Те выводы, которые я делал в детстве после каждой драки, удачной или не удачной, оказались правильными на всю жизнь, а вот размышления после всяких других детских успехов и неудач – похвала учителя по математике или выговор за разбитое школьное стекло, не пригодились мне, потому что ничему не научили, а лишь все запутали, от чего я до сих пор отстраненно и настороженно реагирую и на похвалу в свой адрес, и на ругань.

Возьмем случай, когда я первый раз получил по морде. Мне было восемь лет, мы всем нашим "манежиком" сидели на берегу реки. "Манежик" – это пять мальчишек, которых в детском саде в ясельном возрасте посадили в одну клетку со стенками из мягкой сетки. Мы там сроднились и сдружились на всю оставшуюся жизнь. Вовка Жигарев в последствии просто Жигарь, Мишка Артюхов – Миша Пух, он же Миханя, Сашка Кудымов – Дымик, Сашка Шмидт – Шмыт, и я – Гиря, производное от моей фамилии, и не только от нее – намного позднее я зажимал в кулаке стограммовую гирьку, вместо кастета, что подтверждало мою кликуху.
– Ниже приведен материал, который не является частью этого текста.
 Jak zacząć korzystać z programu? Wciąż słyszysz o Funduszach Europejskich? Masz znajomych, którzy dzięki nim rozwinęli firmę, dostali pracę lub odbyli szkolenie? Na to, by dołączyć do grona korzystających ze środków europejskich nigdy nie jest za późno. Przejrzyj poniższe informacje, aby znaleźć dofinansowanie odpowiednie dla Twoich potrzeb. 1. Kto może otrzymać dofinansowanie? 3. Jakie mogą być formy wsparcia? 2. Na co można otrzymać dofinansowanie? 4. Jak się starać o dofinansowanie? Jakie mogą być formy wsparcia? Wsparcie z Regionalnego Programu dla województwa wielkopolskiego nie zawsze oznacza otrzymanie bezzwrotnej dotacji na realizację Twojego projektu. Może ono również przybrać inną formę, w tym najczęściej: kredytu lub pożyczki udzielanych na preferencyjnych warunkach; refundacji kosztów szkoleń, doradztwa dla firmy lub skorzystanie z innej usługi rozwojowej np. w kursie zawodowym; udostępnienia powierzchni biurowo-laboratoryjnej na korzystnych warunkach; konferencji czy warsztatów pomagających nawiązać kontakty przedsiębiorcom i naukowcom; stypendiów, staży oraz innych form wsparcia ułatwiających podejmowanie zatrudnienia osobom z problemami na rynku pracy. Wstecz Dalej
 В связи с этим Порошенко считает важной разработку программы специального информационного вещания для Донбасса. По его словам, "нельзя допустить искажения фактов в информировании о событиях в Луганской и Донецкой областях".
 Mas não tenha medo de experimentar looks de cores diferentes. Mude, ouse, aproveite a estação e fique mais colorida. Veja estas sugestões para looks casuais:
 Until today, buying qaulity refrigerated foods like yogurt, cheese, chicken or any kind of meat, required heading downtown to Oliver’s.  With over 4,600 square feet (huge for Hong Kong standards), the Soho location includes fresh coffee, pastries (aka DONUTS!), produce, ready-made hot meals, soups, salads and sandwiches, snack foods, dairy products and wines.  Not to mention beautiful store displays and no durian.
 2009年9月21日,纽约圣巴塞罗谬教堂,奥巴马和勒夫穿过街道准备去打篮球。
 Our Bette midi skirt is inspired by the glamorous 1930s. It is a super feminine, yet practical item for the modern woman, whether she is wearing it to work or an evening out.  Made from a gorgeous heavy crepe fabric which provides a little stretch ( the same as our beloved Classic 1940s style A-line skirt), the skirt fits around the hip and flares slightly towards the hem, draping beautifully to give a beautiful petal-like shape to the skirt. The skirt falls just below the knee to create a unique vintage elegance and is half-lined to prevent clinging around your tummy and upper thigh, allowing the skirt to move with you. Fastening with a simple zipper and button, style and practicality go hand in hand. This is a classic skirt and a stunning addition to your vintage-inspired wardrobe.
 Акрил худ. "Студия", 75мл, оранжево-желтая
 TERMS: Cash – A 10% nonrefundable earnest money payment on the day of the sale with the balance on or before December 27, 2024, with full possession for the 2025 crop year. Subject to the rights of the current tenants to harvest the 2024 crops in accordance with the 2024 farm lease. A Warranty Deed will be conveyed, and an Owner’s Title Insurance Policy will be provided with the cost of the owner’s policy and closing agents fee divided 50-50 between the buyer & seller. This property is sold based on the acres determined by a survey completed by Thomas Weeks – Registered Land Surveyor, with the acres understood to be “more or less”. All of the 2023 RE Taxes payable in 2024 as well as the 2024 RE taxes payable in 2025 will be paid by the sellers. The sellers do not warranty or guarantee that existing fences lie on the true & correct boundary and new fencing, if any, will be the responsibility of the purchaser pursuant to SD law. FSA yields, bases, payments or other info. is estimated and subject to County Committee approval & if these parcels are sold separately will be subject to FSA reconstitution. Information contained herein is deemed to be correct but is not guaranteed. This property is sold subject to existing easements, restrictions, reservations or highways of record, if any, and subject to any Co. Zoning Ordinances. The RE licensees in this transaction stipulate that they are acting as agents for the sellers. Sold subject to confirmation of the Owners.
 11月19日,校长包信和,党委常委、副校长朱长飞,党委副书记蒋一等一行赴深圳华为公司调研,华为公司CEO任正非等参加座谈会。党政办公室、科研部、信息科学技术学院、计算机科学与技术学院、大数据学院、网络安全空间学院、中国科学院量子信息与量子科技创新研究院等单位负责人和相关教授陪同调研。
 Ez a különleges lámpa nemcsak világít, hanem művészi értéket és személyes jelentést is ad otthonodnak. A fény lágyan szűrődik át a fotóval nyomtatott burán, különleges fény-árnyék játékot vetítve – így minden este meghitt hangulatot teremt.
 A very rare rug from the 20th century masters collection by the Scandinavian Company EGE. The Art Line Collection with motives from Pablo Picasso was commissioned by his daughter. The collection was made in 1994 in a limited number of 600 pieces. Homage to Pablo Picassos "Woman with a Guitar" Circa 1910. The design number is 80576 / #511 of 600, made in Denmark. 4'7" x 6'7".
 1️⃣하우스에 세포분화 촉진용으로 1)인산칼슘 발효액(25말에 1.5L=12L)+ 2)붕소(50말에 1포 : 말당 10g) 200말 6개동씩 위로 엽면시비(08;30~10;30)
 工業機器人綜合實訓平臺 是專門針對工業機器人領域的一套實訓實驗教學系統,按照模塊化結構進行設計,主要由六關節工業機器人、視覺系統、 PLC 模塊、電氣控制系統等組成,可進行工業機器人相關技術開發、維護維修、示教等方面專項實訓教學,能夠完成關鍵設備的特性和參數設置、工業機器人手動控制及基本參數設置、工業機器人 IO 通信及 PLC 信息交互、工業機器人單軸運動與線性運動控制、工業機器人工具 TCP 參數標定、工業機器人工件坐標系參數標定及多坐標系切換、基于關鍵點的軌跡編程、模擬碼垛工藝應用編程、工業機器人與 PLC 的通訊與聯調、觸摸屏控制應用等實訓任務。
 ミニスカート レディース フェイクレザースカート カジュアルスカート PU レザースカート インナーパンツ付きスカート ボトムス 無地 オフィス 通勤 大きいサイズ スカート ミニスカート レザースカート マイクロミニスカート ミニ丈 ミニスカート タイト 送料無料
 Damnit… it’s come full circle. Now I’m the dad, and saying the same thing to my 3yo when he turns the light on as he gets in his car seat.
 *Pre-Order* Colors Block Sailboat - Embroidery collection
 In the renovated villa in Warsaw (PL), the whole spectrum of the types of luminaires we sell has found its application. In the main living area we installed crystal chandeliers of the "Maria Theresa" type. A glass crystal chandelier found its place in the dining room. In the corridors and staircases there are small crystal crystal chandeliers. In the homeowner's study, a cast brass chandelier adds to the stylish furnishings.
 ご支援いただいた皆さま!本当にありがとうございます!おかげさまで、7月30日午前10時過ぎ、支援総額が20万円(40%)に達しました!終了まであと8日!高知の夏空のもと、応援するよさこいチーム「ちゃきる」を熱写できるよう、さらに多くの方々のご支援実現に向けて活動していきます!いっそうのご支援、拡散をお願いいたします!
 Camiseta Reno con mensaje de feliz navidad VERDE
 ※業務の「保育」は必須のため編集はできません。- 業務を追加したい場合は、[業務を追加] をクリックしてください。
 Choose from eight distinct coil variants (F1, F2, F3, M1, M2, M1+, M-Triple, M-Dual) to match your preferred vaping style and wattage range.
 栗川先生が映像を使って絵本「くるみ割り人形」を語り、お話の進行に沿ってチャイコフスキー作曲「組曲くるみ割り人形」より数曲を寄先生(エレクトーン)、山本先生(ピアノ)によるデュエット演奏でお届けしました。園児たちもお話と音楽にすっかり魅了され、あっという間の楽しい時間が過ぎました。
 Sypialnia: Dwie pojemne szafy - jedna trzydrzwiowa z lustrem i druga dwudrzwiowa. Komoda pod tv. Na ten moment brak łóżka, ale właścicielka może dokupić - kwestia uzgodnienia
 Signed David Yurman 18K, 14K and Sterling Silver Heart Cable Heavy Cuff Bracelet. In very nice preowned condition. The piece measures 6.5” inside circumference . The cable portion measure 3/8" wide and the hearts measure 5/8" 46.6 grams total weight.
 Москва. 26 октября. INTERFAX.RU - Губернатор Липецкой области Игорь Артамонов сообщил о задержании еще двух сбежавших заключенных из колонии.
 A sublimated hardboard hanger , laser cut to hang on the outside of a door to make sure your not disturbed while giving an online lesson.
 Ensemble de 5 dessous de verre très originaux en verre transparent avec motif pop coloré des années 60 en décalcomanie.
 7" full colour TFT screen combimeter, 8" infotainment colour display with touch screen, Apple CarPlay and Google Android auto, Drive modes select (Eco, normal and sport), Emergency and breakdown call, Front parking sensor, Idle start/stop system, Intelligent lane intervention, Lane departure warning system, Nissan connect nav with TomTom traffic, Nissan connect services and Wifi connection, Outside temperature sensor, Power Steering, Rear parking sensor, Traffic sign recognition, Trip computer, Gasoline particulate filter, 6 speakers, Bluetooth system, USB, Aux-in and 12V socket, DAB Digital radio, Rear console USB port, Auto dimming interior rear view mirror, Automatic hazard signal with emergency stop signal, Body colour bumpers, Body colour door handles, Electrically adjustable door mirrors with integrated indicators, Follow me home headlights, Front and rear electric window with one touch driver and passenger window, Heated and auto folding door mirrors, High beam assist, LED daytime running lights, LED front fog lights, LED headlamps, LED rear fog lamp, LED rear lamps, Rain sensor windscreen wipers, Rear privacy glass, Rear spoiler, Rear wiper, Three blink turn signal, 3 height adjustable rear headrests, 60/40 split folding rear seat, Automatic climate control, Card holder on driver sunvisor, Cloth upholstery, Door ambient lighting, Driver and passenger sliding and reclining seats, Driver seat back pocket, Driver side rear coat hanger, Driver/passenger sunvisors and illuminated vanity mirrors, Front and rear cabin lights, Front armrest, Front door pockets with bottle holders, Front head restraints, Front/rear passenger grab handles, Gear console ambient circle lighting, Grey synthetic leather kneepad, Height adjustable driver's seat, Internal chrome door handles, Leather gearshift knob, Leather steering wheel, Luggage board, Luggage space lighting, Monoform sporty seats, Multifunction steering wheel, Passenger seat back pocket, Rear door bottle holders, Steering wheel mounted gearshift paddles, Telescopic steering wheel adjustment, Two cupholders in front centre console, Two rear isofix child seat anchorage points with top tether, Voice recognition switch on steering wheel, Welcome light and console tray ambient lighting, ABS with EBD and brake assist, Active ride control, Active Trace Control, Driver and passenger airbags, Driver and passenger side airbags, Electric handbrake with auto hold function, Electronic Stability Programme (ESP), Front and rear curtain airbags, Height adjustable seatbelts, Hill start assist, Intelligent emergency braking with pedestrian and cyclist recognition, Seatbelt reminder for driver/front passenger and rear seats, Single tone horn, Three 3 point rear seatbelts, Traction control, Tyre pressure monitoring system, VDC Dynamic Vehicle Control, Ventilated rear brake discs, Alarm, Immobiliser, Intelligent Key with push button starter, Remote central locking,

Родной город мой состоял из поселков, а наш поселок был не там, где весь остальной город, а на противоположном берегу реки, где базировались все катера, что таскали лес по Тавде. Река в этом месте делала большую петлю, и с нашей стороны были длинные песчаные косы, на которых катера зимовали. Вода уходила, оставив на песке кораблик, его было удобно ремонтировать и красить, а весной река прибывала, и катерок вновь оказывался на плаву, начинал тарахтеть своим двигателем и отравлялся в верховья реки за первой партией леса, напиленного зеками зимой.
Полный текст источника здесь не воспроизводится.